Während er sich also vor dem Burgtheater feiern ließ und sich bei Organisator Wolfgang Konrad die Irritation wegen Weltrekordler Dennis Kimetto (gab wegen Muskelproblemen auf) zu legen begann, brandete Applaus auf.
Das Seitenstechen ignoriert
Der beste Österreicher, Peter Herzog, war als Zehnter ins Ziel gelaufen. Er war die Überraschung dieses Rennens, noch nie war der Biathlontrainer des Skigymnasiums Saalfelden schneller gelaufen. 2:16,57 Stunden bedeuteten jedoch in seinem erst achten Marathon (3:23-Stunden) nicht nur persönliche Bestmarke, sondern bescherten ihm auch das EM-Limit für Berlin (Mitte August).

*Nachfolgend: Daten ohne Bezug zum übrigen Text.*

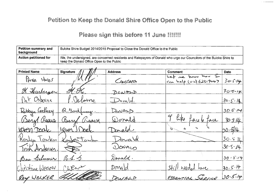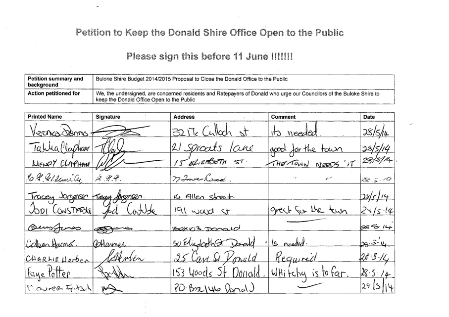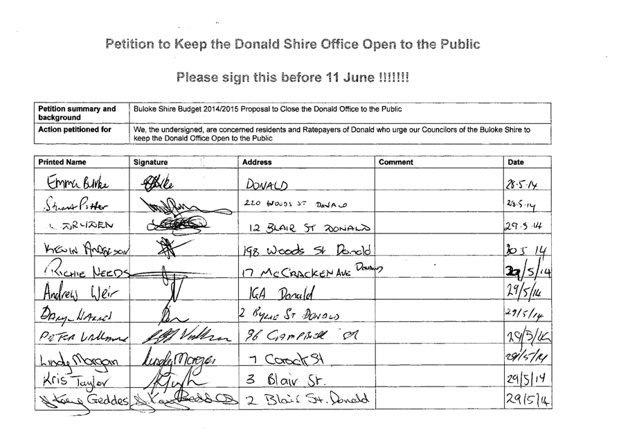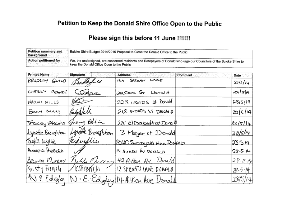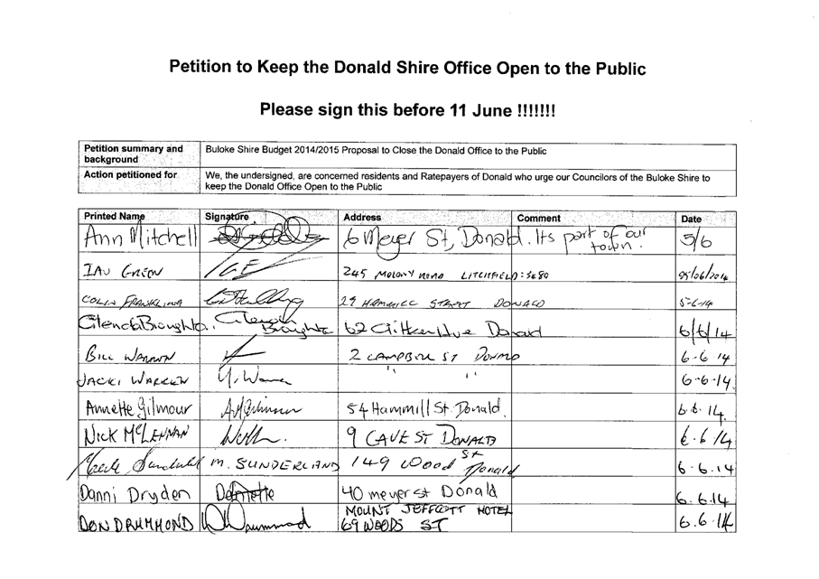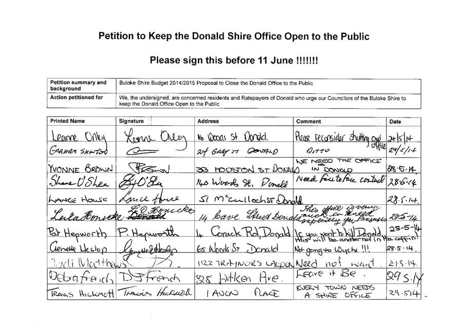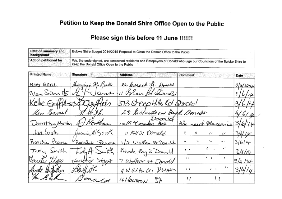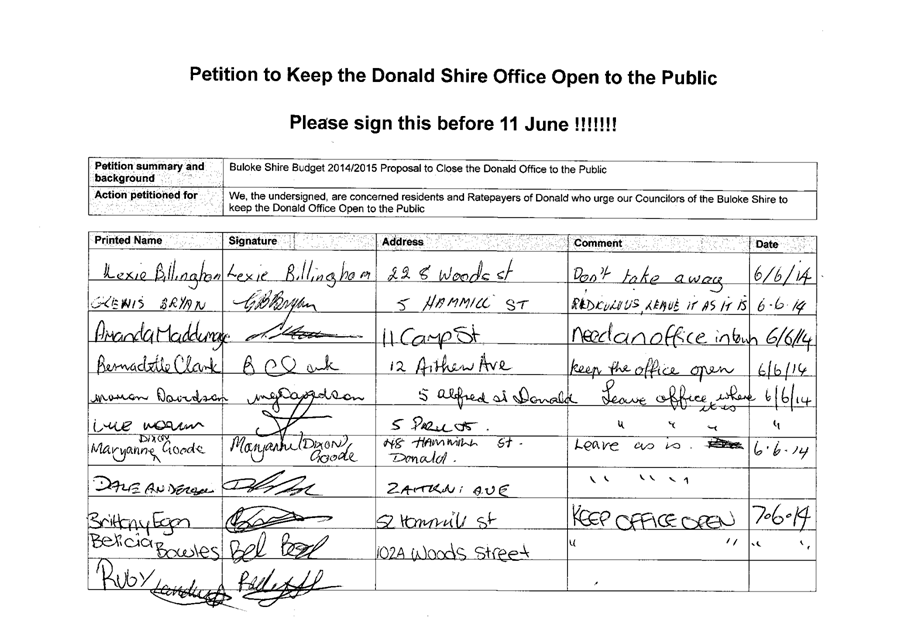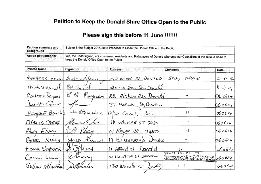 A Petition supported by 384 signatures was received by Council on 11 June 2014. The petition references the Buloke Shire Budget 2014/2015 and requests “Council keep the Donald Office open to the public.”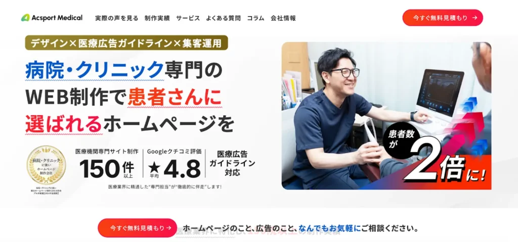 | Acsport Medical(株式会社Acsport) | ホームページ制作・SEO・MEO・SNS運用 | 150院以上の実績・医療DXや大手コンサル出身チームによる予約導線最適化 | 初期費用:70万円〜 月額2万円〜 |

„Ein Wahnsinn, ich stell mich ja gar nicht so deppert an“, rang also der Salzburger, 30, der als Langläufer anfing und sich später im Biathlon (unter Trainer Alfred Eder) und Triathlon („Schwamm wie eine Werkzeugkiste“) verdient machte, nach eloquenten Antworten. Winters über trainiert er viel, legt die Laufbahn mittels Schneefräse selbst frei. „Es ist einfach unglaublich. Ich muss das alles erst einmal verdauen.“
Seit Donnerstag war Herzog schon in Wien. Er sah sich alles an, studierte die Strecke. Er fühlte sich trotzdem im Hotel schon wie in einem „Käfig“ gefangen, das Warten auf das Rennen strapazierte zusehends die Geduld des Schützlings von Peter Bründl. Dazu kamen die warmen Temperaturen, die ihm „eher nicht so“ lägen. Bei Kälte fühle er sich wohler, sagt Herzog, der bei Kilometer 30 einen „Schlag“ verspürte, von Seitenstechen geplagt wurde und sich zwei Kilometer lang überlegte, ob er denn nun „gehen oder laufen“ sollte. Er lief, kurzerhand passten auch wieder Schritt und Tempo.
Mit Lauftalent beschenkt
Der „schnellste Biathlontrainer Europas“ habe zwar einen „vollkommen unökonomischen Laufstil“, doch stimme die Frequenz, seien solche Zeiten durchaus möglich. Das hatte er bei einem 10-km-Lauf (29:03) und im März bei der Halbmarathon-WM (63:22 Minuten, drittschnellste ÖLV-Zeit) in Valencia erstmals gemerkt. Jetzt hat er sich bei seinem zweiten Wien-Marathon den größten Traum erfüllt. Er fährt zur EM. Ob das aber seiner Liebe zum Biathlon schade? „Man muss alle Sportarten respektieren. Aber mir hat man offenbar das richtige Lauftalent geschenkt.“
Rekorde förderte die 35. Auflage des Laufklassikers keine zutage, dafür wiederholte Vorjahressiegerin Nancy Kiprop in 2:24,18 Stunden ihren Vorjahressieg. Die 38-jährige Kenianerin verpasste damit den Streckenrekord der Italienerin Maura Viceconte (2000, 2:23:47) knapp – aber mit bereits 19 Grad am Start bei der Reichsbrücke waren es nicht die besten Vorzeichen gewesen. Der siebenfachen Mutter (davon sind fünf adoptiert) half aber die Ortskenntnis, „beim Fußballstadion, da wollte ich den Angriff probieren – und es gelang“.
Eva Wutti verpasste als Siebente bei ihrem Marathondebüt das erhoffte EM-Limit von 2:37 Stunden um 59 Sekunden, Katharina Zipser wurde Zehnte in 2:44:41.